Certain intel igb cards, especially multi-port cards, can easily exhaust mbufs and cause kernel panics. The following tweak will prevent this from being an issue. Add the following as a Loader Tunable:

kern.ipc.nmbclusters="1000000"

That will increase the amount of network memory buffers, allowing the driver enough headroom for its optimal operation.

Intel ix(4) Cards

Add the following as Loader Tunables:

kern.ipc.nmbclusters="1000000"
kern.ipc.nmbjumbop="524288"

As a sysctl (Runtime Tunable):

hw.intr_storm_threshold="10000"

VMware vmx(4) Interfaces

VMware VMXNET interfaces support multiple queues when using MSI-X. Multiple queues enable network performance to scale with the number of vCPUs and allows for parallel packet processing. Transmit and Receive descriptors may also be increased to help with throughput.

Add the following Loader Tunables:

Note

Some options have a separate set of tunables for each individual network interface. In these cases, replace <id> replace with the device ID such as 0, 1, etc. where the ID number matches the interface number. For example, tunables for vmx3 are under dev.vmx.3.

hw.pci.honor_msi_blacklist="0"
dev.vmx.<id>.iflib.override_ntxds="0,4096"
dev.vmx.<id>.iflib.override_nrxds="0,2048,0"

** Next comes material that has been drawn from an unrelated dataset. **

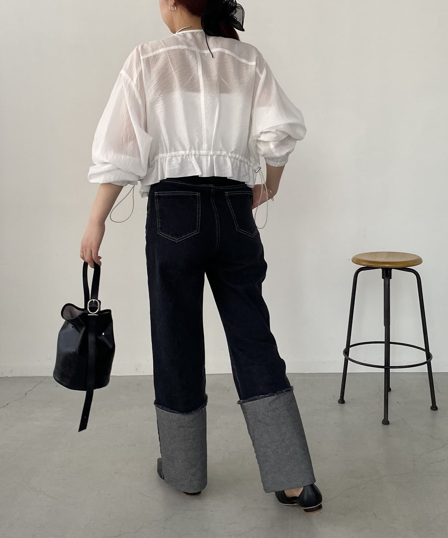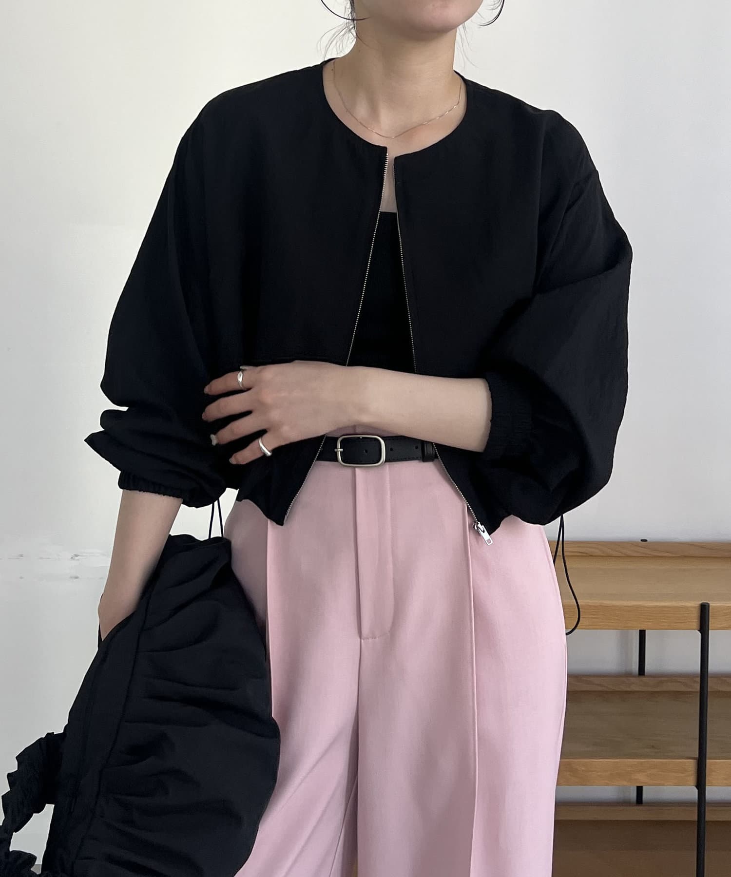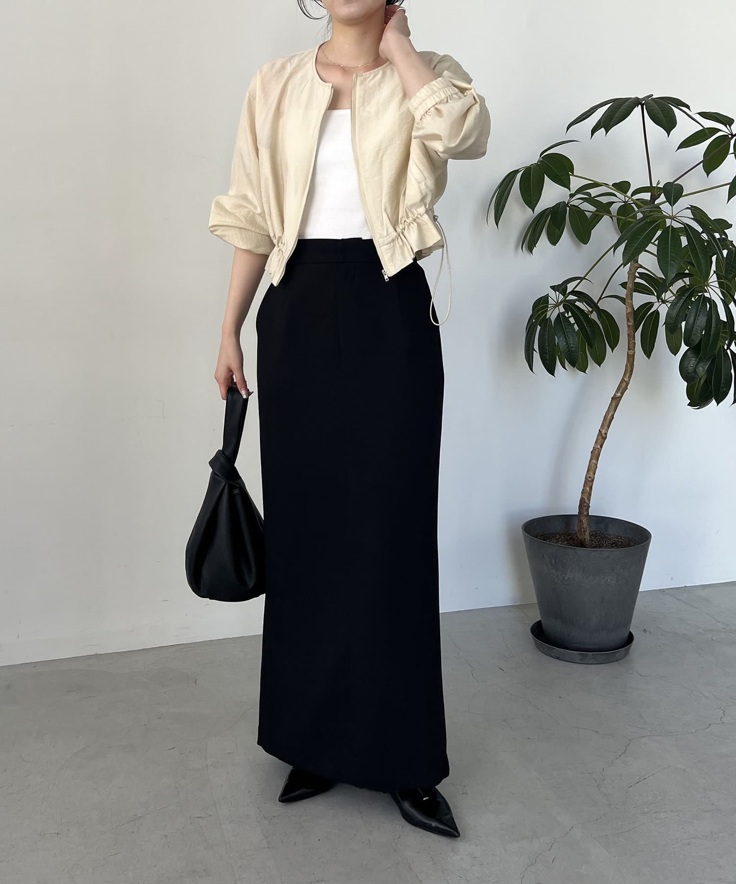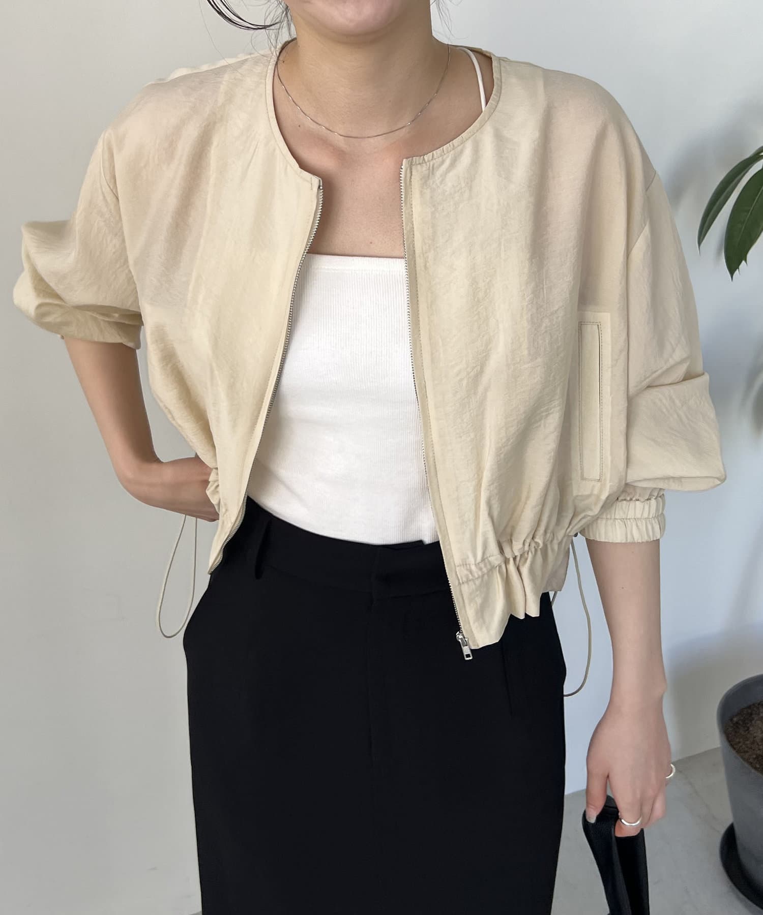 ・ウエスト部分にドロストコードが入っており女性らしいシルエットに

Save the file, then reboot and check the change with dmesg | grep -Eiw 'descriptors|queues' at a command prompt.

Flow Control

In some circumstances, flow control may need to be disabled. The exact method depends on the hardware involved, as in the following examples:

These example entries are Loader Tunables:

cxgbe(4)

hw.cxgbe.pause_settings="0"

ixgbe(4) (aka ix)

hw.ix.flow_control="0"

These example entries go in System > Advanced, on the System Tunables tab (System Tunables):

Note

Some options have a separate set of tunables for each individual network interface. In these cases, replace <id> replace with the device ID such as 0, 1, etc. where the ID number matches the interface number. For example, tunables for igc3 are under dev.igc.3.

igc(4)

dev.igc.<id>.fc="0"

igb(4)

dev.igb.<id>.fc="0"

em(4)

dev.em.<id>.fc="0"

For ix and others, the flow control value can be further tuned:

0

No Flow Control

1

Receive Pause

2

Transmit Pause

3

Full Flow Control, Default